Furthermore, the terms "first," "second," and the like, are used for descriptive purposes only and are not to be construed as indicating or implying relative importance or implicitly indicating an indicated technical feature. Thus, a feature defining "a first" or "a second" may explicitly or implicitly include one or more such feature. The terms "comprising," "including," "having," and variations thereof mean "including but not limited to," unless expressly specified otherwise.
In the construction of the RAG knowledge base, the conventional process is to parse a document, segment the parsed text by a fixed length or punctuation, and store the text segment and vector information in a vector database (such as FAISS, milvus) or a search engine (such as elastiscearch), where obtaining the text segment in this way may result in separation of semantically related text.
Furthermore, in conventional word and vector based retrieval, similarity is often used to express relevance, however, sometimes such similarity scores may not accurately reflect semantic relevance.
In view of this, the embodiment of the present application performs effective layout analysis on the query document by using the trained layout analysis model, obtains a plurality of text segments based on the layout analysis result, and generates a query for each text segment using a large language model to expand semantics. And generating vectors according to each text segment and the corresponding query thereof, thereby constructing a more comprehensive RAG knowledge base and improving the retrieval enhancement generation effect of the system.

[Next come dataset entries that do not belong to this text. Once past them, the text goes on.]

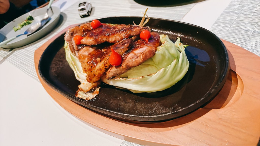 鐵板肉排,不得不說底下的菜也很甜很好吃,上面肉排黑胡椒很足,肉體紮實,但有些地方蠻肥的,端上來很香,但吃起來比較不好咬一點,牙口不好的人不適合點。
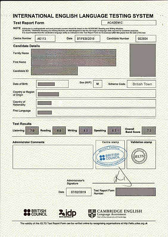 - IELTS Sonuç Belgesi Örneği
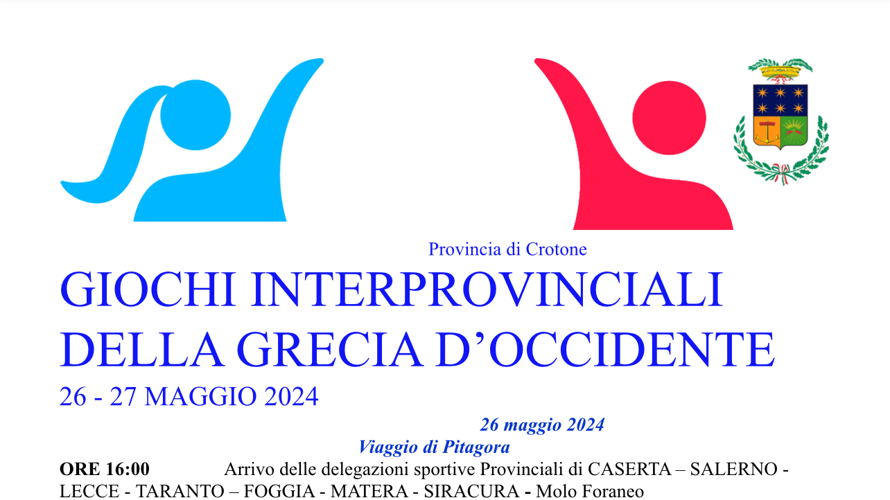 Ad ospitare i Giochi Interprovinciali dell’antica Magna Grecia, quindi, sarà proprio la Provincia di Crotone, individuata per l’area Sud come Ente coordinatore dei giochi previsti per il 27 maggio. Si partirà, però, il 26 maggio con le delegazioni del Sud composte dalle province di Matera, Caserta, Salerno, Lecce, Foggia, Taranto, Siracusa e Crotone che arriveranno nella nostra città facendo una traversata in barca a vela, partendo da Policoro, sulle orme del famoso ‘viaggio di Pitagora’.
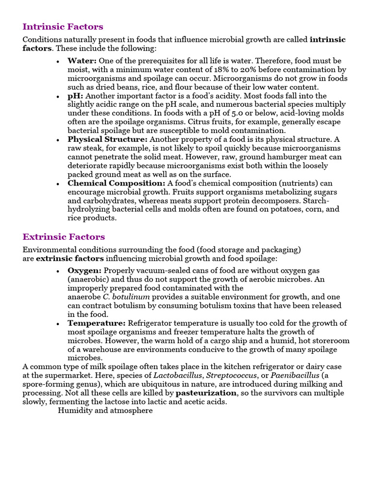 Conditions naturally present in foods that influence microbial growth are called intrinsic
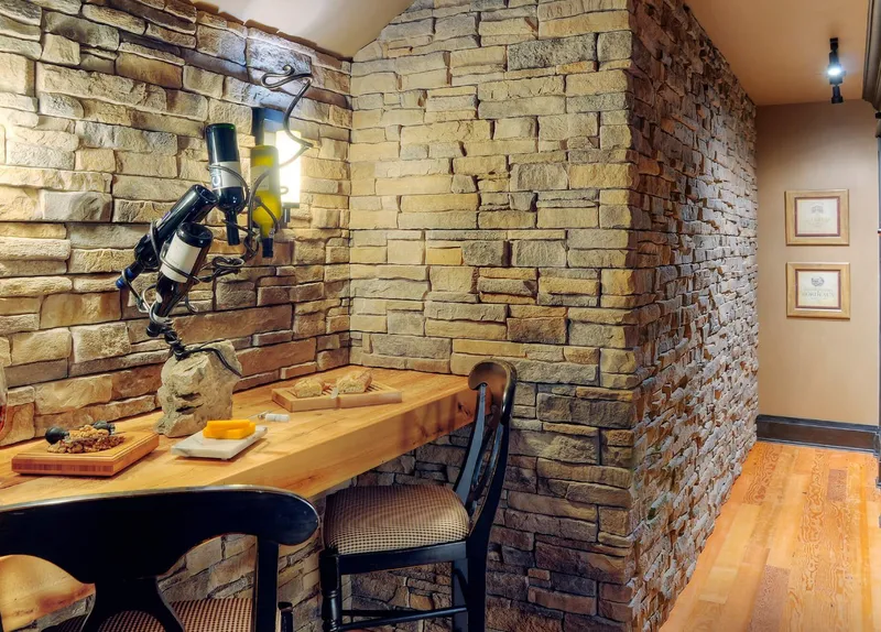 Другое дело интерьер, ведь там голая кладка обычно применяется в качестве акцента, только на одной стене. Лучше если эта стена будет внутренней – при возведении перегородок блоки чаще кладут на пенополиуретановый клей, не оставляющий следов, делающий кладку более аккуратной.
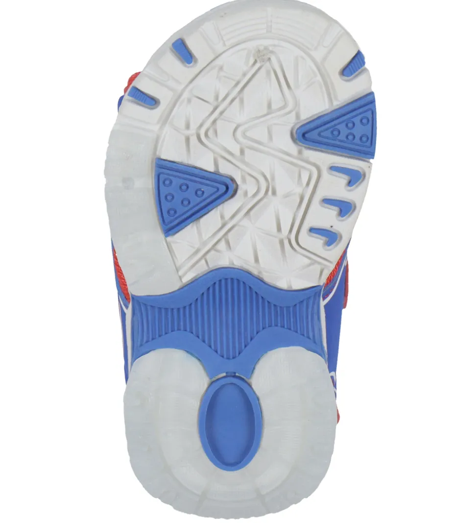 Skønne Champion sandaler i rød og blå med et Champion logo på velcroremmen og på ydersiden. Sandalerne har en hvid og blå ydersål med blinkende effekt, som kan aktivieres når barnet går eller løber.
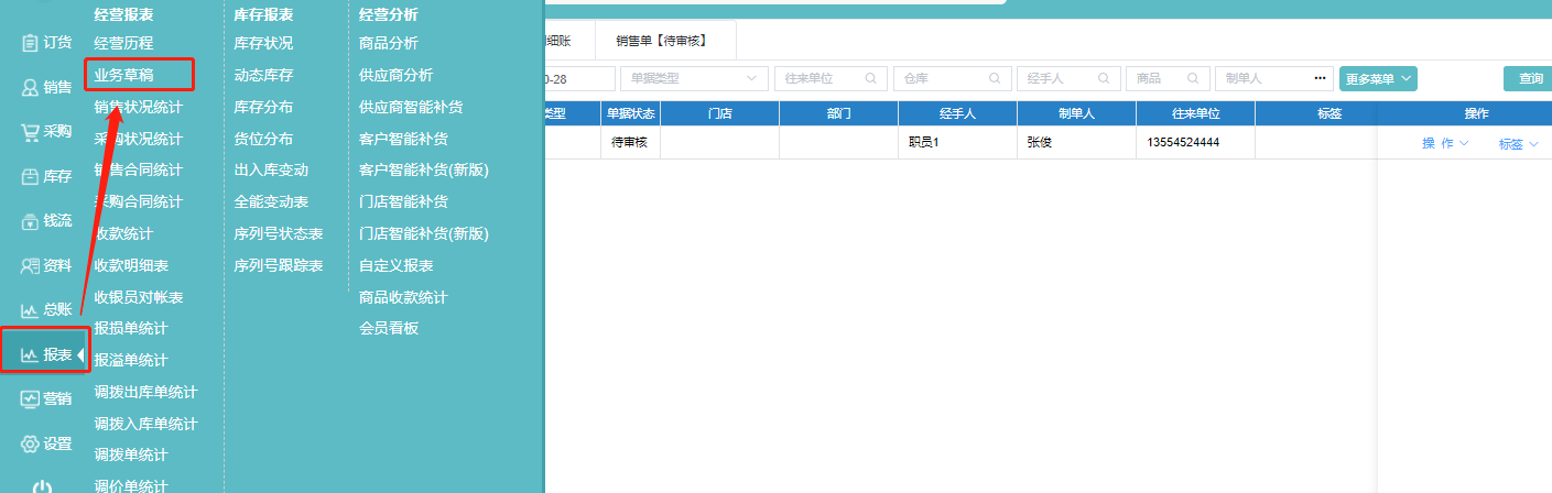 如新增销售单据保存为了草稿,则需到业务草稿中查询需要添加单据附件的草稿单据,通过左侧导航栏“报表”进入业务草稿;
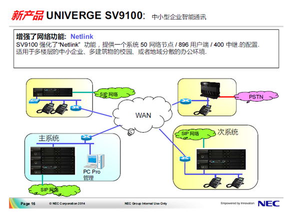 SV9100 強(qiáng)化了“Netlink” 功能,提供一個(gè)系統(tǒng) 50 網(wǎng)絡(luò)節(jié)點(diǎn) / 896 用戶(hù)端/400 中繼.的配置.
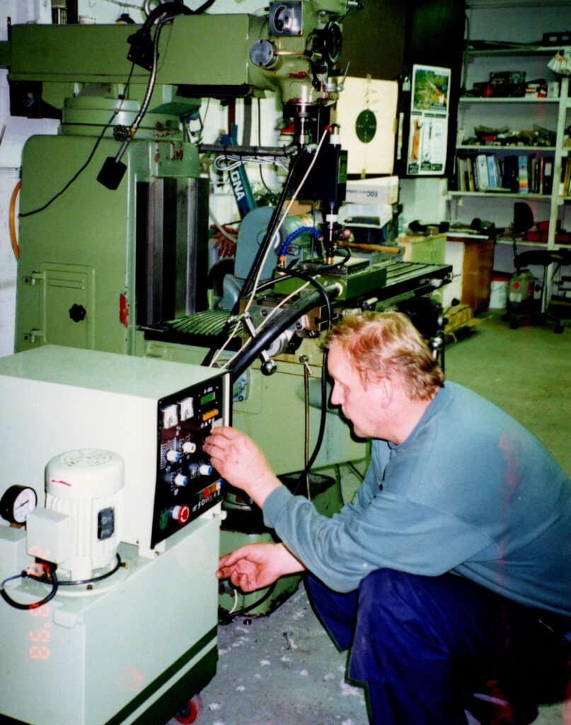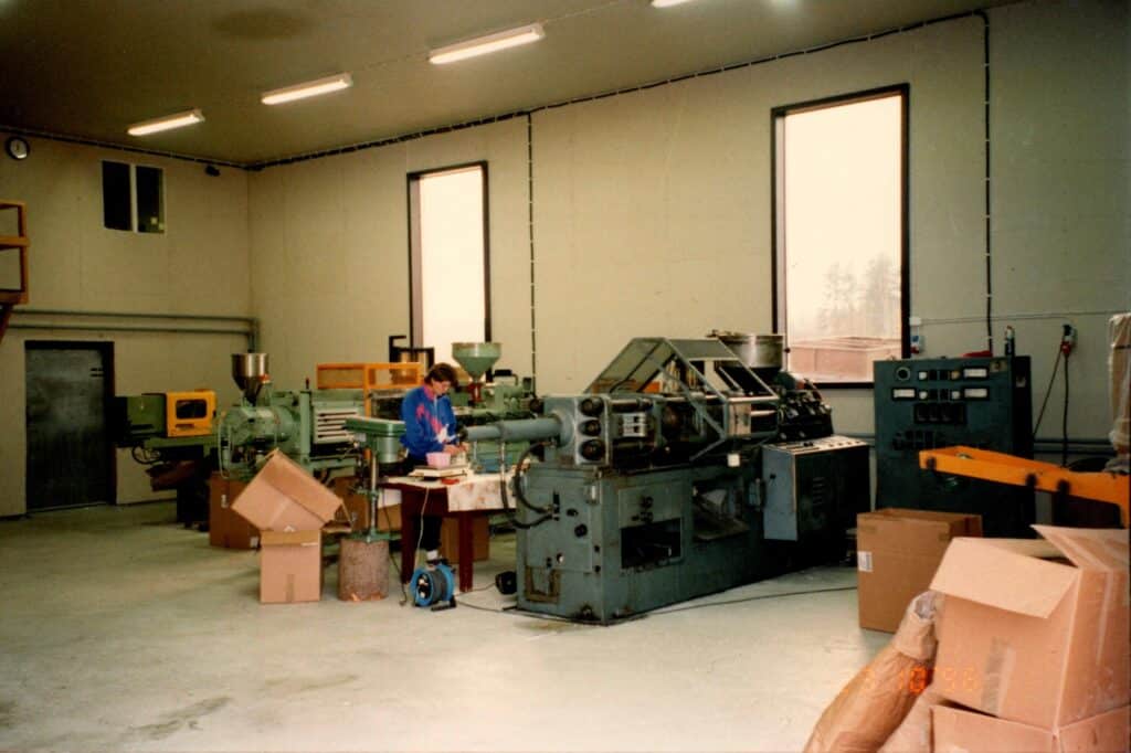 Aluksi yrityksessämme tehtiin pieniä tuotteita, kuten verhokoukkuja ja -liukuja, alihankintana muille yritykselle. Tehdas sijaitsi yrittäjien pihassa Vimpelin Pyhälahdessa lähellä Alajärven rajaa. 2000-luvun alussa toiminta alkoi laajentua: ensimmäinen työntekijä palkattiin, uusia koneita hankittiin ja oma muottivalmistus käynnistyi, oheisessa kuvassa jo eläköitynyt koneistajamme Jarmo työn touhussa.

Exemplary, fig. 1 shows a schematic diagram of a RAG knowledge base construction process based on layout analysis and query generation according to an embodiment of the present application. The RAG knowledge base construction process may be implemented by any device, apparatus, platform, server, cluster of devices, etc. having computing and processing capabilities.
As shown in fig. 1, the construction process of the RAG knowledge base is as follows:
First, a set of query documents that need to be processed is received. The query document may be in the format of PDF, PPT, picture, etc.
Secondly, performing text recognition on the query document, including performing layout analysis on the query document by using a trained layout analysis tool to obtain blocks such as text blocks, images, tables and the like in the document, and text content, position information and block types of the blocks. And then segmenting or merging the text contents in the plate according to the layout analysis result to obtain meaningful text segments, such as text segment 1, text segment 2, text segment 3 and the like.
Next, semantic expansion is performed using the large language model, including generating a title for the query document and generating a preset number of queries for each text segment. For each text segment, respectively combining the generated title with the text segment to create a first vector of the text segment; and combining the preset data queries of the text segment to generate a second vector of the text segment. In addition, other representation information, such as keywords of the text segment, is extended for each text segment.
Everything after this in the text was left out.